> **INSTRUCTIONS FOR THE TASK**
Only the text of the records below belongs in the answer, copied exactly, with pictures omitted.
(MATERIAL SHOWN)
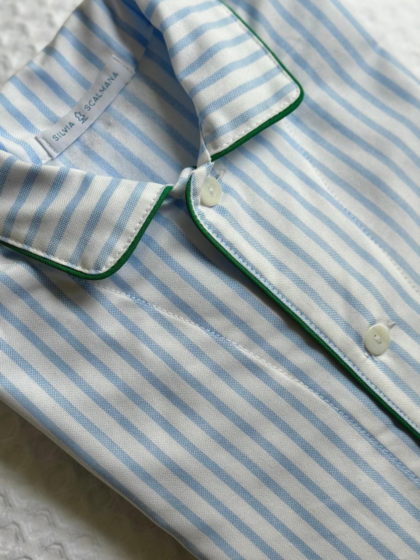 Children's pajamas in pure cotton flannel, with brushed interior. Soft fit. Jacket with 4 mother-of-pearl buttons, with 2 pockets and a breast pocket, cotton profile. Trousers with elastic waist.
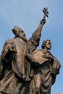 On Rastislav's request, two brothers, Byzantine officials and missionaries Saints Cyril and Methodius came in 863. Cyril developed the first Slavic alphabet and translated the Gospel into the Old Church Slavonic language. Rastislav was also preoccupied with the security and administration of his state. Numerous fortified castles built throughout the country are dated to his reign and some of them (e.g., Dowina, sometimes identified with Devín Castle)[32][33] are also mentioned in connection with Rastislav by Frankish chronicles.[34][35]
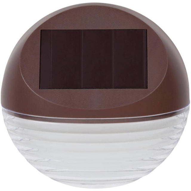 This Solar Wedge Light has a large diameter size of 4.4 inches, is constructed of durable plastic and features a clear lens with horizontal ribbed design. Each light has 2 warm white LEDs and produces 4 lumens of light output light, and includes all mounting hardware. The back of the light has a flat surface for easy flush mount installation. This is a very attractive design that will light up nicely at night and is also appealing during the day.
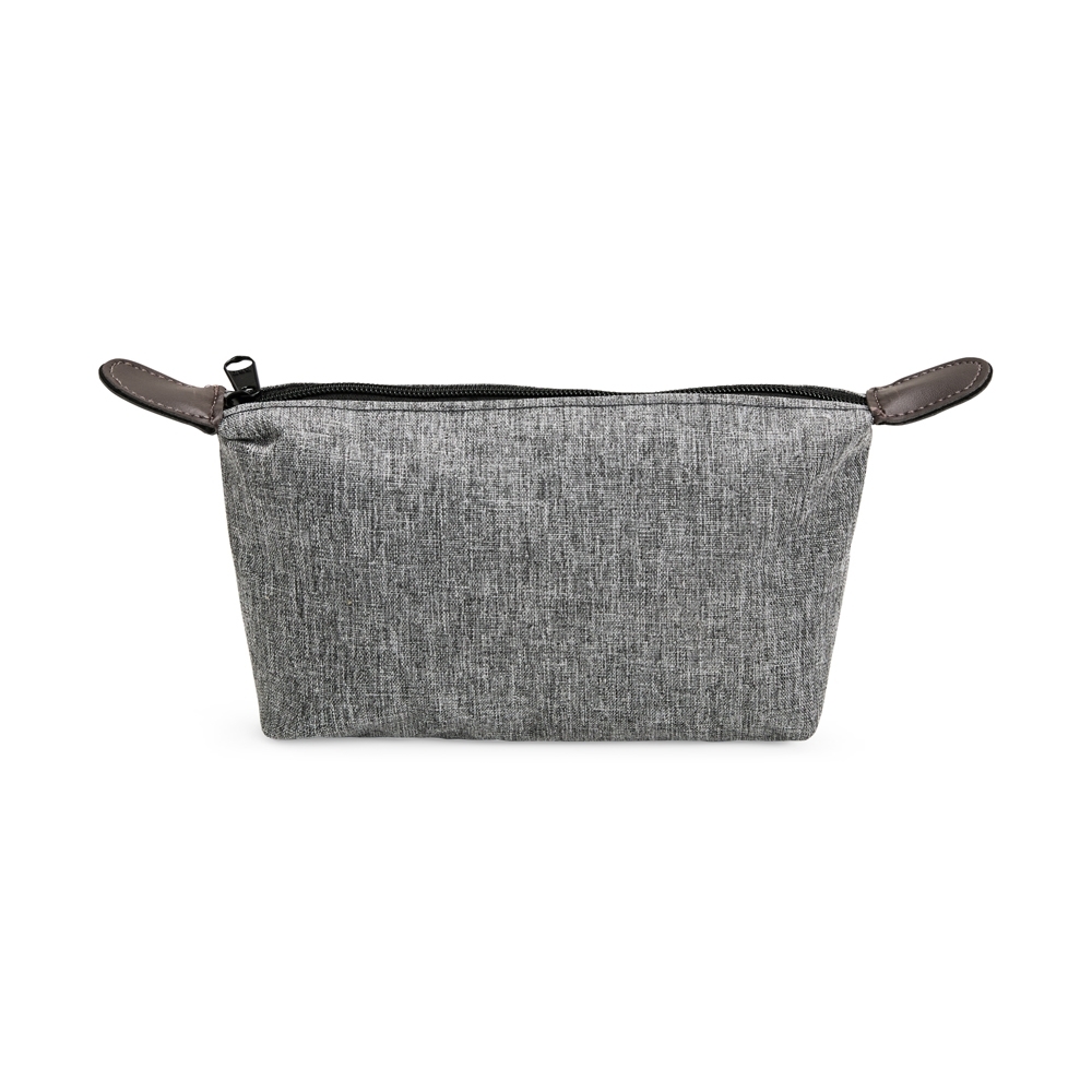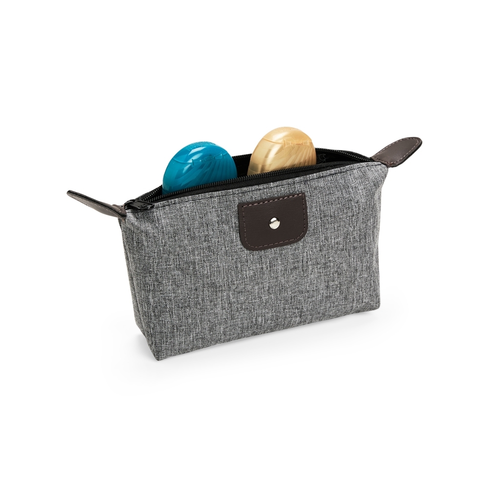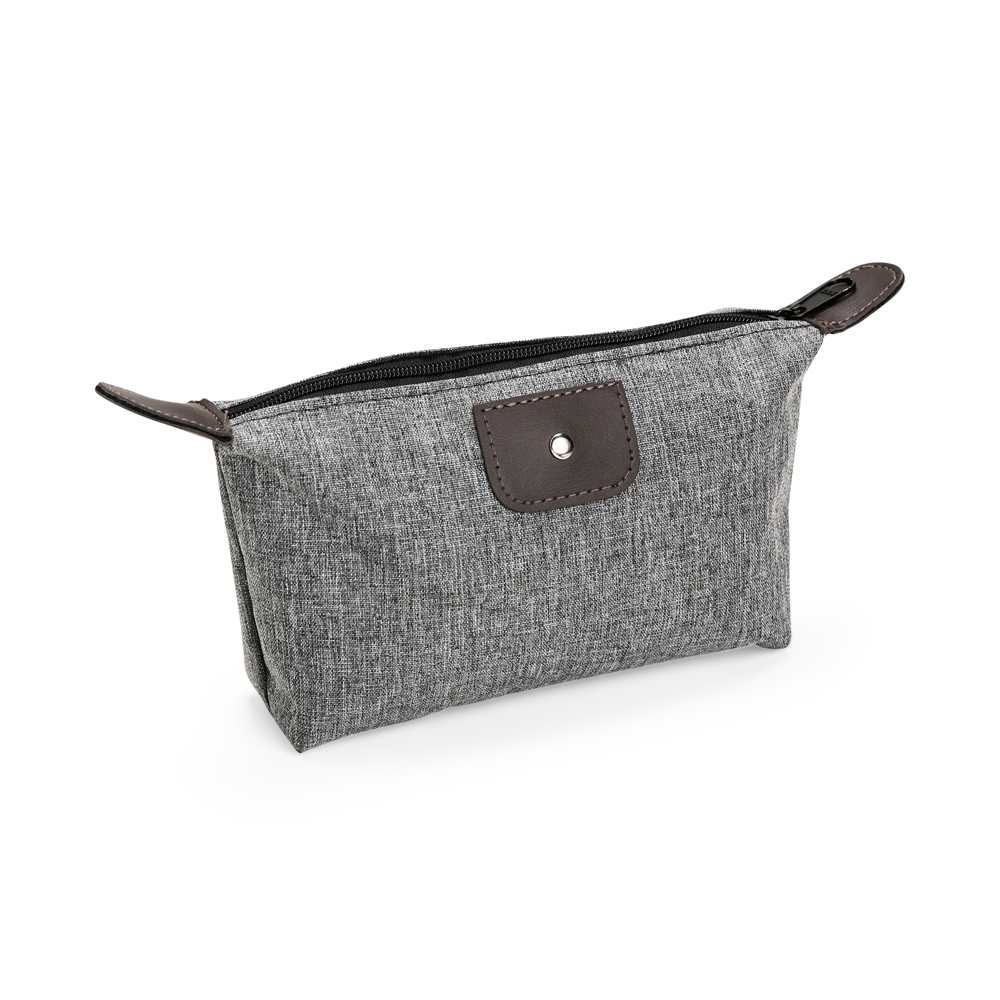 Nécessaire compacto confeccionado em Poliéster com mescla de PVC resistente à água, com fechamento em zíper e detalhes em bidim e metal.
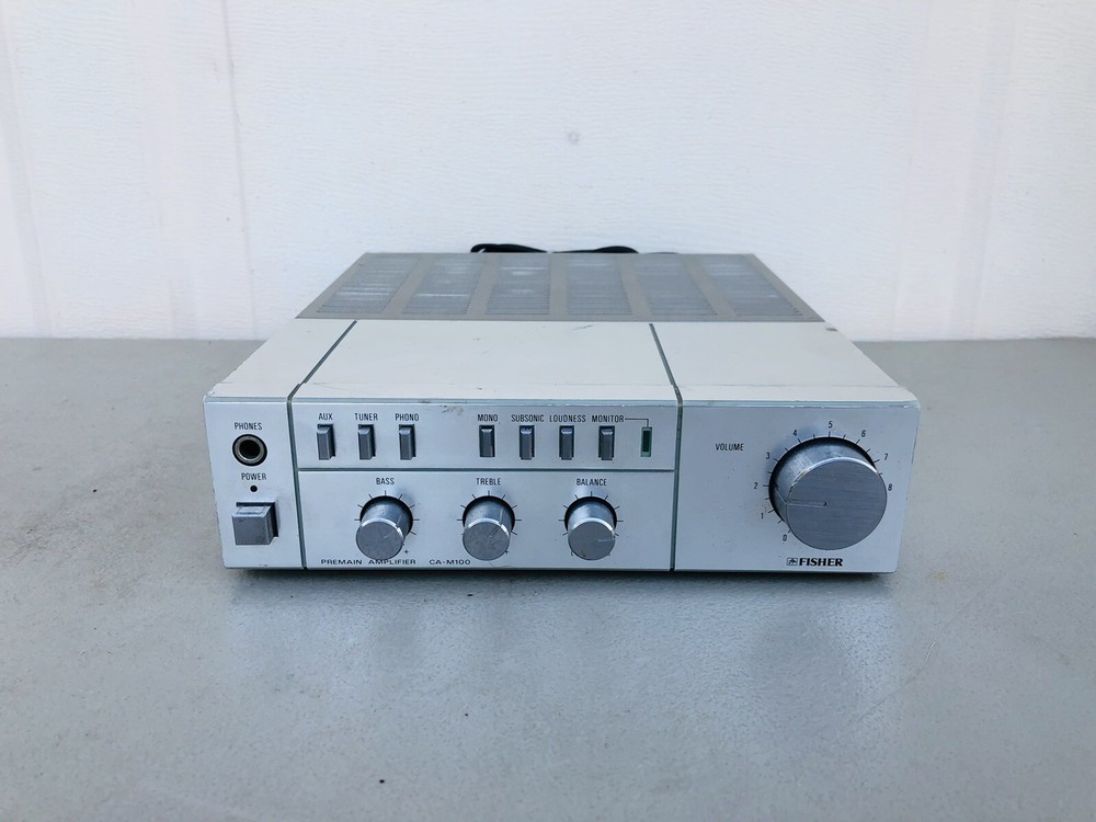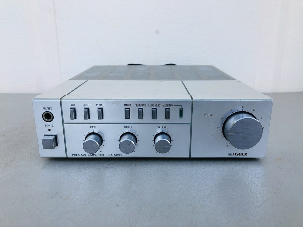 Vintage Fisher Premain Amplifier CA-M100 Unit powers on but has not been tested further. AS-IS, Not fully tested. Shows normal cosmetic use and age....
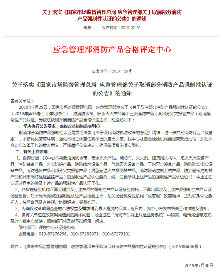下面為廣大用戶(hù)解讀下這次重要通知的意思,該文件內(nèi)容主要針對(duì)消防產(chǎn)品,消防車(chē)包含在內(nèi),是關(guān)于取消消防車(chē)3C認(rèn)證的通知,根據(jù)國(guó)家應(yīng)急管理部消防產(chǎn)品合格評(píng)定中心于2019.7.30發(fā)布的(應(yīng)急消評(píng)2019/20號(hào))關(guān)于取消部分消防產(chǎn)品強(qiáng)制性認(rèn)證公告。所有國(guó)五消防車(chē)強(qiáng)制性認(rèn)證證書(shū)從2019年8月1日全部為注銷(xiāo)狀態(tài),我公司新的國(guó)五消防車(chē)和國(guó)六消防車(chē)自愿認(rèn)證正在轉(zhuǎn)換中。因此根據(jù)文件要求,以前的原證書(shū)不得再流出使用。
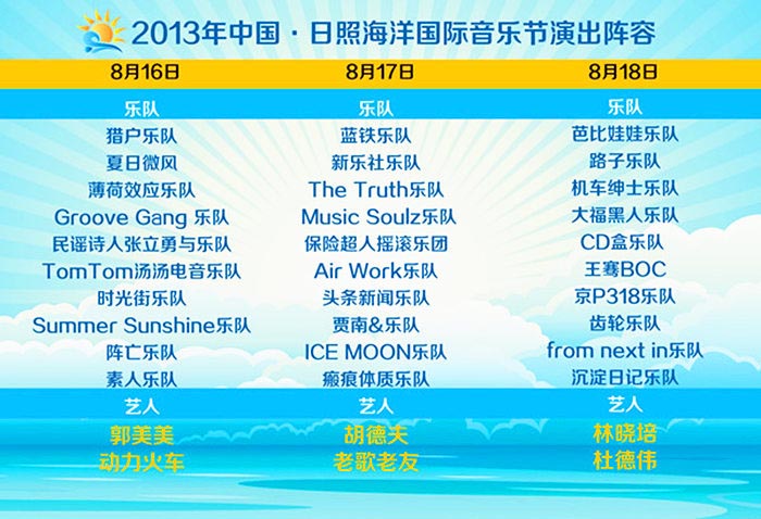 2013中国·日照海洋国际音乐节嘉年华部分已经接近尾声,“重头戏”2013中国.日照海洋国际音乐节将于8月16至18日上演,重量级艺人杜德伟、林晓培、胡德夫、动力火车和老歌老友乐团等两岸一线歌手以及30组中外著名乐队将倾情演出,众星云集,唱响一夏。
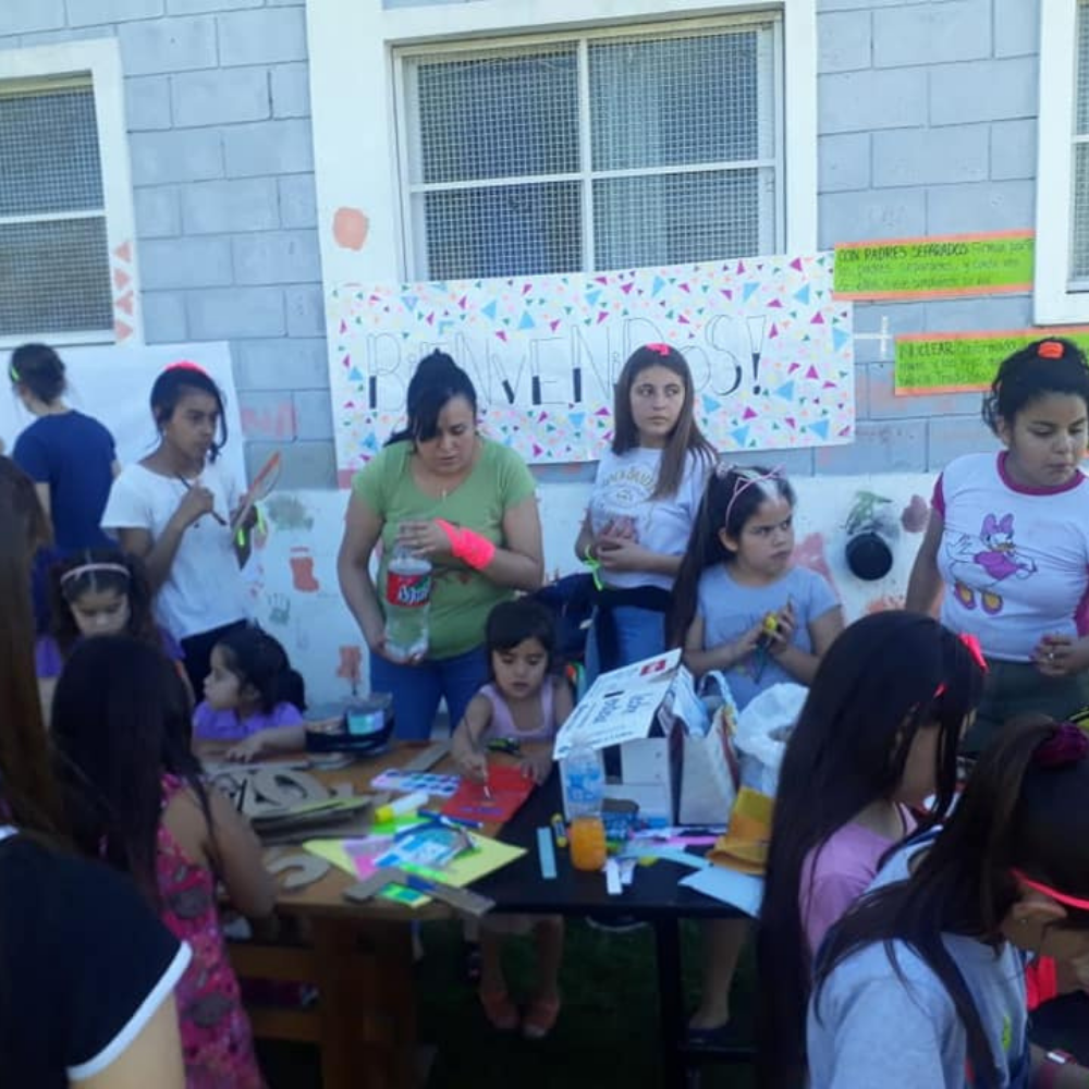 Lo primero que se recuperó fue la canchita pegado a la capilla. Se hicieron actividades para recaudar fondos y se compraron unas hamacas. A la vez, en una casita prestada se recibieron a las familias, se organizaron días y horarios para la contención de las mamás, hubo un proyecto de huerta, talleres de costura y tejido, en la semana se daba apoyo escolar con estudiantes voluntarios y las mismas madres venían a dar la merienda. La idea era valorar los saberes que todos tenemos.
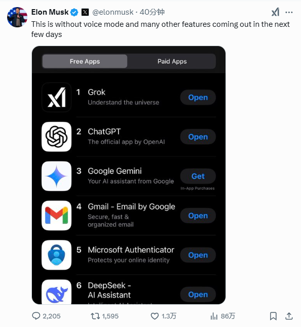 13时57分,xAI创始人埃隆·马斯克在社交平台分享了Grok超越ChatGPT,在某免费应用下载榜单登顶的手机截图,并透露“尽管该产品目前尚无语音模式,但未来几天将推出多项新功能。”
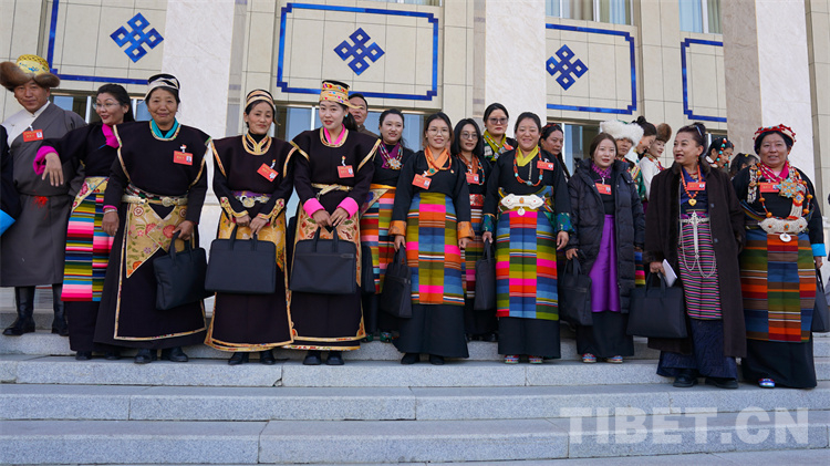 資料圖:參加西藏自治區(qū)第十二屆人民代表大會的部分女代表走出會場 攝影:王淑
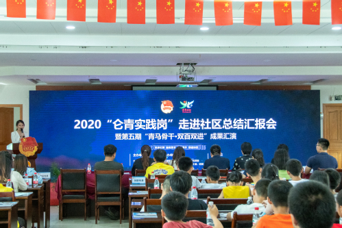 7月31日下午,2020“仑青实践岗”走进社区总结汇报会暨第五期“青马骨干•双百双进”成果汇演在大碶街道横杨社区举行。大碶街道党工委宣传委员郑凌云,北仑团区委副书记张佳誉,横杨社区党委书记陆琪燕等嘉宾领导应邀出席,街道下辖各社区团委书记、团务工作负责人,辖区“胜克”、“灵动”假日学校共计60余名代表参加了此次活动。
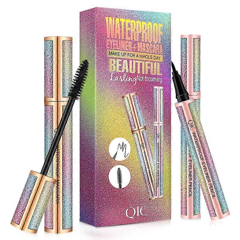 Mascara Eyeliner Set, 4D Silk Fiber Eyelash Mascara, Long Lasting Waterproof, Extension Thickening Lengthening Voluminous Mascara, Natural Smudge-Proo
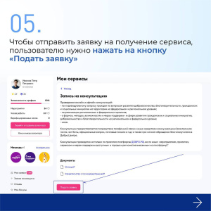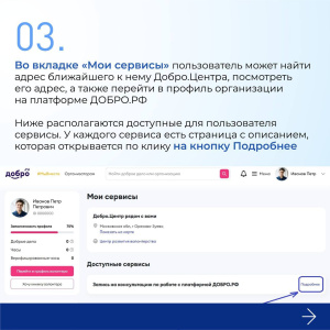 Воспользоваться любым из видов оказываемой помощи теперь можно всего лишь в 2 клика: достаточно зайти на платформу ДОБРО.РФ и во вкладке «Мои сервисы» выбрать услугу ближайшего к Вам Добро.Центра.
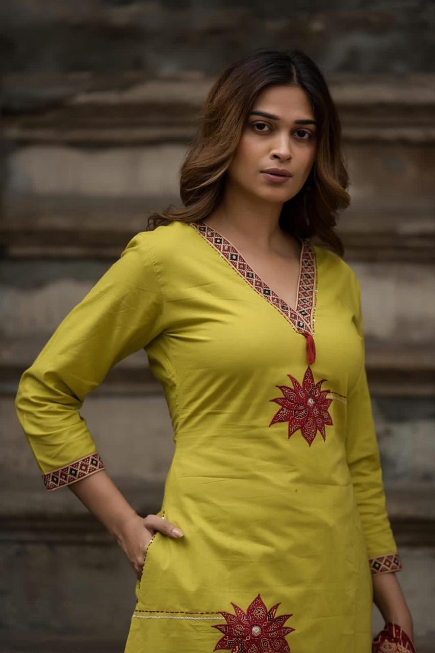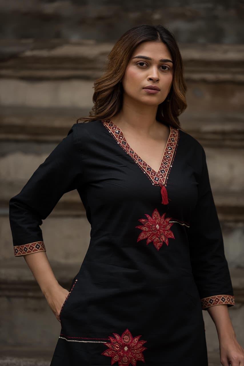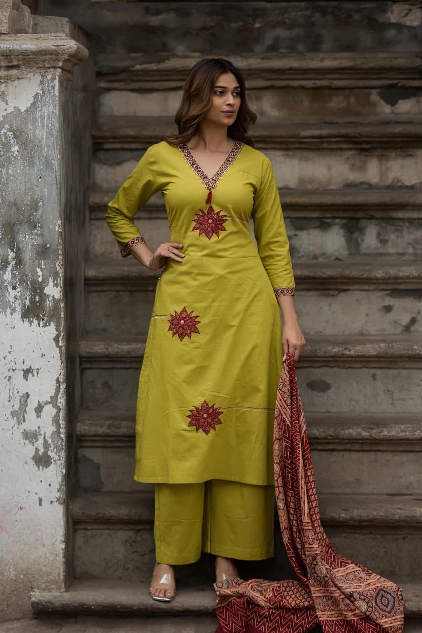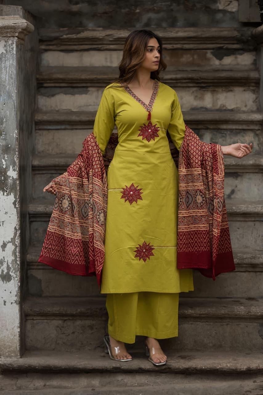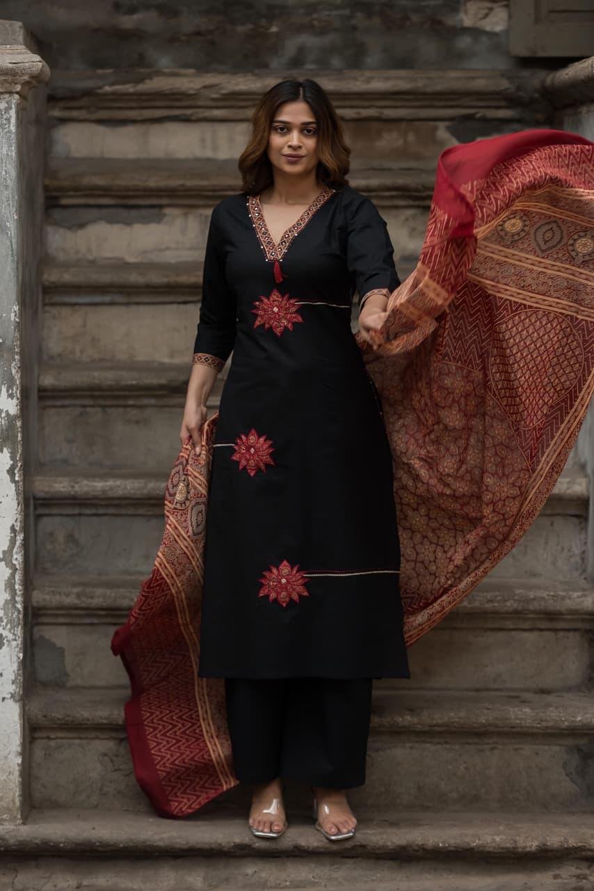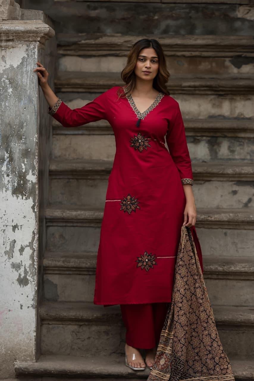 The kurta features elegant appliqué work and hand detailing, along with double side pockets enhanced with work for both style and functionality. Paired with a classic Ajrakh print dupatta, this ensemble is perfect for festive gatherings, cultural events, or refined daily wear.
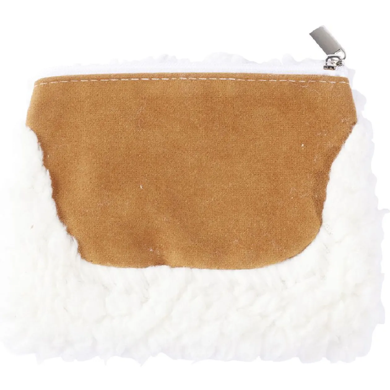 Pochette imitation laine blanche et daim marron, idéale pour accessoiriser une tenue dans un style authentique.
(End MATERIAL SHOWN)
> **YOUR RESPONSE**
 Children's pajamas in pure cotton flannel, with brushed interior. Soft fit. Jacket with 4 mother-of-pearl buttons, with 2 pockets and a breast pocket, cotton profile. Trousers with elastic waist.
 On Rastislav's request, two brothers, Byzantine officials and missionaries Saints Cyril and Methodius came in 863. Cyril developed the first Slavic alphabet and translated the Gospel into the Old Church Slavonic language. Rastislav was also preoccupied with the security and administration of his state. Numerous fortified castles built throughout the country are dated to his reign and some of them (e.g., Dowina, sometimes identified with Devín Castle)[32][33] are also mentioned in connection with Rastislav by Frankish chronicles.[34][35]
 This Solar Wedge Light has a large diameter size of 4.4 inches, is constructed of durable plastic and features a clear lens with horizontal ribbed design. Each light has 2 warm white LEDs and produces 4 lumens of light output light, and includes all mounting hardware. The back of the light has a flat surface for easy flush mount installation. This is a very attractive design that will light up nicely at night and is also appealing during the day.
 Nécessaire compacto confeccionado em Poliéster com mescla de PVC resistente à água, com fechamento em zíper e detalhes em bidim e metal.
 Vintage Fisher Premain Amplifier CA-M100 Unit powers on but has not been tested further. AS-IS, Not fully tested. Shows normal cosmetic use and age....
下面為廣大用戶(hù)解讀下這次重要通知的意思,該文件內(nèi)容主要針對(duì)消防產(chǎn)品,消防車(chē)包含在內(nèi),是關(guān)于取消消防車(chē)3C認(rèn)證的通知,根據(jù)國(guó)家應(yīng)急管理部消防產(chǎn)品合格評(píng)定中心于2019.7.30發(fā)布的(應(yīng)急消評(píng)2019/20號(hào))關(guān)于取消部分消防產(chǎn)品強(qiáng)制性認(rèn)證公告。所有國(guó)五消防車(chē)強(qiáng)制性認(rèn)證證書(shū)從2019年8月1日全部為注銷(xiāo)狀態(tài),我公司新的國(guó)五消防車(chē)和國(guó)六消防車(chē)自愿認(rèn)證正在轉(zhuǎn)換中。因此根據(jù)文件要求,以前的原證書(shū)不得再流出使用。
 2013中国·日照海洋国际音乐节嘉年华部分已经接近尾声,“重头戏”2013中国.日照海洋国际音乐节将于8月16至18日上演,重量级艺人杜德伟、林晓培、胡德夫、动力火车和老歌老友乐团等两岸一线歌手以及30组中外著名乐队将倾情演出,众星云集,唱响一夏。
 Lo primero que se recuperó fue la canchita pegado a la capilla. Se hicieron actividades para recaudar fondos y se compraron unas hamacas. A la vez, en una casita prestada se recibieron a las familias, se organizaron días y horarios para la contención de las mamás, hubo un proyecto de huerta, talleres de costura y tejido, en la semana se daba apoyo escolar con estudiantes voluntarios y las mismas madres venían a dar la merienda. La idea era valorar los saberes que todos tenemos.
 13时57分,xAI创始人埃隆·马斯克在社交平台分享了Grok超越ChatGPT,在某免费应用下载榜单登顶的手机截图,并透露“尽管该产品目前尚无语音模式,但未来几天将推出多项新功能。”
 資料圖:參加西藏自治區(qū)第十二屆人民代表大會的部分女代表走出會場 攝影:王淑
 7月31日下午,2020“仑青实践岗”走进社区总结汇报会暨第五期“青马骨干•双百双进”成果汇演在大碶街道横杨社区举行。大碶街道党工委宣传委员郑凌云,北仑团区委副书记张佳誉,横杨社区党委书记陆琪燕等嘉宾领导应邀出席,街道下辖各社区团委书记、团务工作负责人,辖区“胜克”、“灵动”假日学校共计60余名代表参加了此次活动。
 Mascara Eyeliner Set, 4D Silk Fiber Eyelash Mascara, Long Lasting Waterproof, Extension Thickening Lengthening Voluminous Mascara, Natural Smudge-Proo
 Воспользоваться любым из видов оказываемой помощи теперь можно всего лишь в 2 клика: достаточно зайти на платформу ДОБРО.РФ и во вкладке «Мои сервисы» выбрать услугу ближайшего к Вам Добро.Центра.
 The kurta features elegant appliqué work and hand detailing, along with double side pockets enhanced with work for both style and functionality. Paired with a classic Ajrakh print dupatta, this ensemble is perfect for festive gatherings, cultural events, or refined daily wear.
 Pochette imitation laine blanche et daim marron, idéale pour accessoiriser une tenue dans un style authentique.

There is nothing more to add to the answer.